401k And Annuities

401k And Annuities

In a welcome change, the US Government is actually making it easier to get into annuities earlier, which is great for consumers.  Buying longevity insurance or annuities is best when the contracts have time to mature, accrue, and accumulate.

But unfortunately, rules previously made it difficult to access your 401K until you were retired, meaning your were forced into immediate income style annuities.

New rules make the purchase of Longevity Insurance (Deferred Income Annuities) easier.  I’ve long been a fan of Deferred Income Annuities and have written about them many times.  The link above takes you to a new Deferred Income Annuities page that consolidates these thoughts and links to previous posts.

Here’s a current article from the Wall Street Journal on the subject.

New Treasury Rules Ease 401(k) Annuity Purchase

It is one of the biggest conundrums of an aging society: Americans have salted away $11 trillion in retirement plans, yet millions still risk running out of money in old age.

On Thursday the government said it had some new tools to deal with the problem. The Treasury issued several new regulations intended to make it easier, and maybe cheaper, for middle-class people in retirement to transfer the money they accumulated in their 401(k)s into an annuity that would guarantee monthly payments until they die.

“Having the ability to choose from expanded options will help retirees and their families achieve both greater value and security,” said Treasury Secretary Timothy F. Geithner.

The Labor Department also said it had completed rules to let workers learn about the fees various financial firms charge for helping to run 401(k) plans. Labor officials said they thought employers could negotiate better terms if the details were more easily available.

The risk of outliving one’s assets has moved front and center in recent years, as companies have frozen or ended their traditional, defined-benefit pension plans and replaced them with 401(k) plans. Traditional pension plans offer what is, in fact, an annuity, a stream of guaranteed payments from retirement to death. But fewer and fewer employers want to be running an annuity business on the side.

Insurance companies, on the other hand, are eager to wade into what they consider a big and attractive market of graying Americans with I.R.A. and 401(k) balances and little idea of what to do with them. But they have held back, in part, because of tax rules, which Treasury is easing.
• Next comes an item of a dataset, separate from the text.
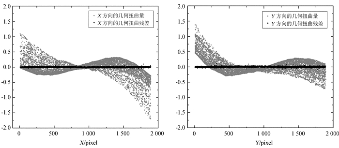 对观测的CCD图像搜星得到存在几何扭曲的星像坐标,记为B(xgd,ygd)。用(3)式计算其扣除几何扭曲后的星像坐标C(x,y)。式中C的位置未知,其扭曲量也未知,所以无法直接计算C的位置。实际上相邻位置的几何扭曲几乎相等(实际求解的几何扭曲模型最大扭曲量约为±2 pixel)。所以先用B位置的几何扭曲近似C位置的几何扭曲,求出C的近似位置,然后再用迭代的方法计算C更精确的位置。用(4)式将两组坐标相减,得到星像的几何扭曲。图 6中灰色点为星像位置的几何扭曲分别随星像位置的x、y坐标的分布情况。
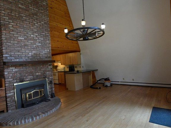 The home is a cozy, open concept A-Frame, that features a 2-level deck looking out to a good sized private backyard. The living room features a brick fireplace, cathedral ceiling, and tongue & groove pine accent walls which give it a unique, warm charm. Note that the fireplace has a wood stove insert with a blower.

One of the changes proposed Thursday would make it easier for employers to work with annuity providers, so that workers can learn about their annuity options at work, rather than having to go to a financial planner or broker.

“I’m trying not to jump up and down in my office, actually,” said Jody Strakosch, national director of annuities for MetLife, who was asked about the new rules while she was reading the 47-page tome from Treasury.

She said MetLife had had suitable annuity contracts available since 2004, but had been selling them mostly to the retail market and not to employers who offer retirement savings plans.

J. Mark Iwry, an official at the Treasury department, said the department hoped in particular to foster a workplace market for “longevity insurance,” something much discussed in policy circles but that employers rarely make available to workers when they retire.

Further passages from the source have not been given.